EYES WIDE OPEN - Iris Gonzales - The Philippine Star

It is July in Manila, the season of monsoon rains and the time of the great grand speech.

Indeed it’s that time of the year and whether we like it or not, we’ll be glued and all ears.

Today, after all, is the fourth Monday of the month. At high noon, the sun will be out or maybe it won’t.

What’s certain is that it will be a Monday of mayhem because as all such Mondays go, there will be a madding crowd of protesters again. They will shout and scream, and raise their fists high up in the air. There will be banners and posters, and effigies to burn.

Inside the glittering session hall, the House of Duterte will stand and clap and smile, and so will his fist-bumping Senate slate.

Diplomats, tycoons, and celebrities will fill the crowd while his die hard supporters will complete the show – as grand as it could possibly be, grander than the year before, perhaps the grandest of all.

They will all come dressed to the nines with their multimillion-peso timepieces and Louboutins.

President Duterte – Rody to all, The Punisher to some, the King of Davaoeños – will trumpet the gains, crack some jokes, or maybe deliver some punches as he does all the time.

He will be applauded for sure – not once, not twice, but many times over because as I’ve said before, he is grand and almighty, the best one they know.

Grading the President

But how does one really measure a presidency? Do we count the rounds of applause in his speech?

Or do we count the profanities, the obscene remarks or the kisses on strangers’ lips?

Do we count the rape jokes, the catcalling and the insults?

Or do we count the hours we waste in traffic or when we’re stuck in our airports?

Do we put all those aside and instead measure the savings we now enjoy because our children are able to go to college for free?

Or the extra money in our pockets because we now have higher salaries as teachers and members of the military and the police?

Looking at the economy

There are many ways to look at the economy. It grew at a strong average of 6.5 percent during the first 11 quarters of the Duterte administration, but it slowed to 6.2 percent last year from 6.7 percent in 2017 and 6.9 percent in 2016.

I had a chat last week with the no nonsense Philippine Chamber of Commerce and Industry chairman George Barcelon.

The economy, in a way, is doing well, he said. But he noted that there’s still a long way to go. “Growth is still not inclusive.”

I agree. Poverty remains high especially in the provinces and the income disparity is still very stark and telling.

“That is why we have to fast track things.

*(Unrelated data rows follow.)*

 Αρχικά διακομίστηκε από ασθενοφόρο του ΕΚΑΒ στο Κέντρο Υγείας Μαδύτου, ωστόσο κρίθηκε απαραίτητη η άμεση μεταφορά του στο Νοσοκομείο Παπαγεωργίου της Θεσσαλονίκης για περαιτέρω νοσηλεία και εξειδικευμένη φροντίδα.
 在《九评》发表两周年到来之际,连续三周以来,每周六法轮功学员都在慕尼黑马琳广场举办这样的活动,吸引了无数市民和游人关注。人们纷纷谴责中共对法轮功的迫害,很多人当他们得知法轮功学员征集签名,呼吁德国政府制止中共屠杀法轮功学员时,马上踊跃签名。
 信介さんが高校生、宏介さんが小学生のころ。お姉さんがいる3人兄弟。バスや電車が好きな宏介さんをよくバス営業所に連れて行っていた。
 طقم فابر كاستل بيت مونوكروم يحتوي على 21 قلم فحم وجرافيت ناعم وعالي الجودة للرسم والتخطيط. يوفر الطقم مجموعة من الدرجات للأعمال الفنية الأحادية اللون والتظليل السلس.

People in authority have that obligation to really improve the country. We’ve got to create more jobs,“ Barcelon said.

Agriculture, he said, has been left behind.

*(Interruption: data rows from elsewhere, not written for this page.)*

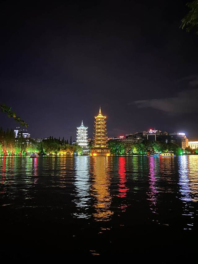 晚上先去看了看日月双塔。桂林的夜景确实很好看,灯光的运用也是卡到好处。
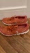 On sneakers - women’s 9.5. In a pink salmon/clay color. Barely worn but have a mark on the top front of the right foot
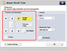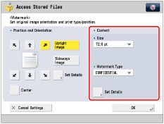 You can also select text that has been registered in [Register Characters for Page No./Watermark]. (See "Registering/Editing/Deleting User-Defined Text for Page Numbers and Watermarks.")
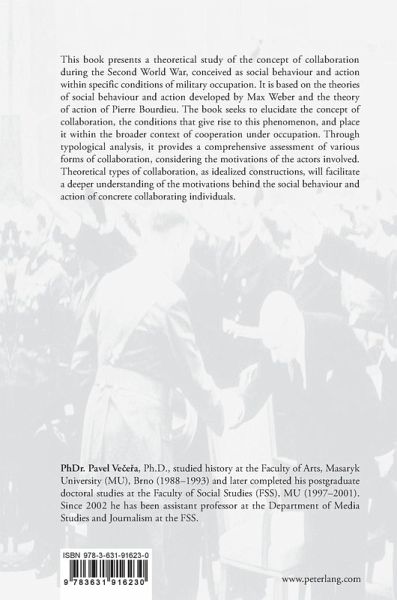 This book aims to present a theoretical study of the concept of collaboration during the Second World War, understood as social behaviour and actions within specific conditions of military occupation. It is based on the theories of social behaviour and action developed by Max Weber and the theory of action by Pierre Bourdieu. The book seeks to elucidate the concept of collaboration, the conditions fostering this phenomenon, and positions it within the broader context of cooperation under occupation. Through typological analysis, it provides a comprehensive assessment of various forms of collaboration, considering the motivations of the actors involved. Theoretical types of collaboration, as idealized constructions, will facilitate a deeper understanding of the motivations behind the social behaviour and actions of specific collaborating individuals.
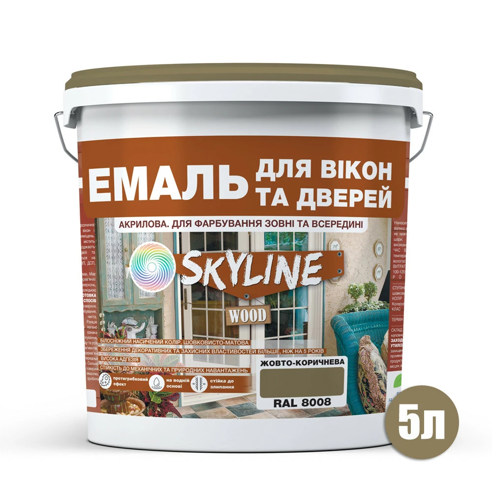 Эмаль акриловая Для Окон и Дверей SkyLine Wood Желто-коричневая RAL 8008 5 л

Farmers, he said, are still struggling to compete because of the lack of support and because the industry has not been able to modernize.

But in all, Barcelon said the country is at least moving forward. The infrastructure projects are moving and many businesses are growing.

Outside the economy

However, if we look outside the economy, not everything is rosy.

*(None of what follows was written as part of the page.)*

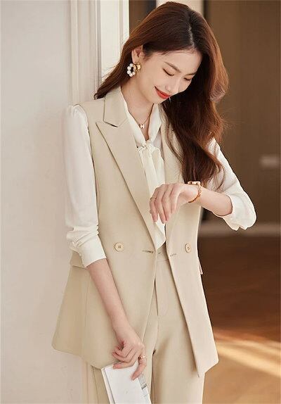 セットアップ ジレ ベスト レディース スーツセット パンツスーツ 2点セット レディーススーツ セレモニー ベージュ 黒 ロング コーデ 秋 冬 春 上品 きれいめ かわいい 卒業式 カジュアル 体
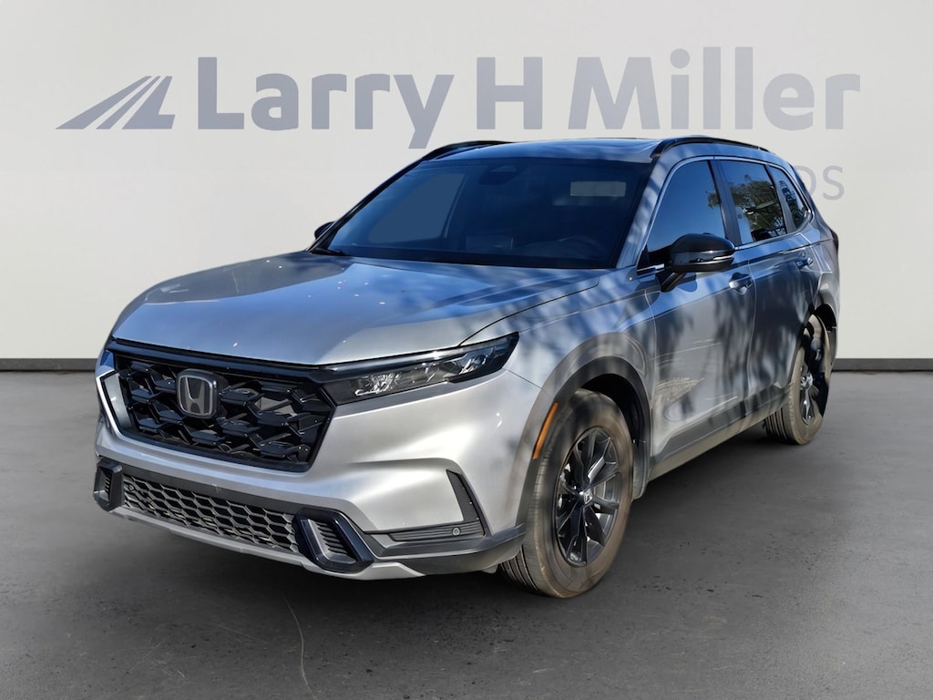 This 2025 Silver Metallic Honda CR-V Hybrid Sport-L FWD is well equipped and includes these features and benefits.2.0L I4 DOHC 16V, 4-Wheel Disc Brakes, 8 Speakers, ABS brakes, Adaptive Cruise Control: Adaptive Cruise Control (ACC) with Low-Speed Follow, Air Conditioning, Alloy wheels, AM/FM radio: SiriusXM, Auto High-beam Headlights, Auto-dimming Rear-View mirror, Automatic temperature control, Blind Spot Information (BSI) System warning, Brake assist, Bumpers: body-color, Compass, Delay-off headlights, Driver door bin, Driver vanity mirror, Dual front impact airbags, Dual front side impact airbags, Electronic Stability Control, Exterior Parking Camera Rear, Four wheel independent suspension, Front anti-roll bar, Front Bucket Seats, Front Center Armrest, Front dual zone A/C, Front reading lights, Fully automatic headlights, Heated door mirrors, Heated Front Bucket Seats, Heated front seats, Illuminated entry, Knee airbag, Leather Seat Trim, Leather Shift Knob, Leather steering wheel, Low tire pressure warning, Memory seat, Occupant sensing airbag, Outside temperature display, Overhead airbag, Overhead console, Panic alarm, Passenger door bin, Passenger vanity mirror, Power door mirrors, Power driver seat, Power Liftgate, Power moonroof, Power passenger seat, Power steering, Power windows, Radio data system, Radio: 320-Watt AM/FM/HD/SiriusXM Audio System, Rear anti-roll bar, Rear reading lights, Rear seat center armrest, Rear side impact airbag, Rear window defroster, Rear window wiper, Remote keyless entry, Security system, Speed control, Speed-sensing steering, Speed-Sensitive Wipers, Split folding rear seat, Spoiler, Steering wheel mounted audio controls, Telescoping steering wheel, Tilt steering wheel, Traction control, Trip computer, Turn signal indicator mirrors, Variably intermittent wipers, and Wheels: 18 Berlina Black Alloy: 2.0L I4 DOHC 16V, 4-Wheel Disc Brakes, 8 Speakers, ABS brakes, Adaptive Cruise Control: Adaptive Cruise Control (ACC) with Low-Speed Follow, Air Conditioning, Alloy wheels, AM/FM radio: SiriusXM, Auto High-beam Headlights, Auto-dimming Rear-View mirror, Automatic temperature control, Blind Spot Information (BSI) System warning, Brake assist, Bumpers: body-color, Compass, Delay-off headlights, Driver door bin, Driver vanity mirror, Dual front impact airbags, Dual front side impact airbags, Electronic Stability Control, Exterior Parking Camera Rear, Four wheel independent suspension, Front anti-roll bar, Front Bucket Seats, Front Center Armrest, Front dual zone A/C, Front reading lights, Fully automatic headlights, Heated door mirrors, Heated Front Bucket Seats, Heated front seats, Illuminated entry, Knee airbag, Leather Seat Trim, Leather Shift Knob, Leather steering wheel, Low tire pressure warning, Memory seat, Occupant sensing airbag, Outside temperature display, Overhead airbag, Overhead console, Panic alarm, Passenger door bin, Passenger vanity mirror, Power door mirrors, Power driver seat, Power Liftgate, Power moonroof, Power passenger seat, Power steering, Power windows, Radio data system, Radio: 320-Watt AM/FM/HD/SiriusXM Audio System, Rear anti-roll bar, Rear reading lights, Rear seat center armrest, Rear side impact airbag, Rear window defroster, Rear window wiper, Remote keyless entry, Security system, Speed control, Speed-sensing steering, Speed-Sensitive Wipers, Split folding rear seat, Spoiler, Steering wheel mounted audio controls, Telescoping steering wheel, Tilt steering wheel, Traction control, Trip computer, Turn signal indicator mirrors, Variably intermittent wipers, and Wheels: 18 Berlina Black Alloy. 2.0L I4 DOHC 16V, 4-Wheel Disc Brakes, 8 Speakers, ABS brakes, Adaptive Cruise Control: Adaptive Cruise Control (ACC) with Low-Speed Follow, Air Conditioning, Alloy wheels, AM/FM radio: SiriusXM, Auto High-beam Headlights, Auto-dimming Rear-View mirror, Automatic temperature control, Blind Spot Information (BSI) System warning, Brake assist, Bumpers: body-color, Compass, Delay-

The drug war, for instance, is a mockery of our democracy. It is violent, brutal, and just plain wrong.

It has victimized mostly the poorest of the poor. I know this, not just from the heart-wrenching photographs or stories of those who document the killings, but because I’ve been there.

For several days, I joined the graveyard shift beat – journalists who work while the rest of the country is asleep. We went all over Metro Manila, chasing the killings in dark alleys and in crowded slums. I saw the dead lying grotesquely in their own pool of blood with fresh wounds and gaping bullet holes. I heard the cries of mothers and wives and children.

How to solve the drug problem then? The government must focus on the source — the big time drug dealers and only within the bounds of our laws. It also boils down to solving the problem of poverty and joblessness in the country.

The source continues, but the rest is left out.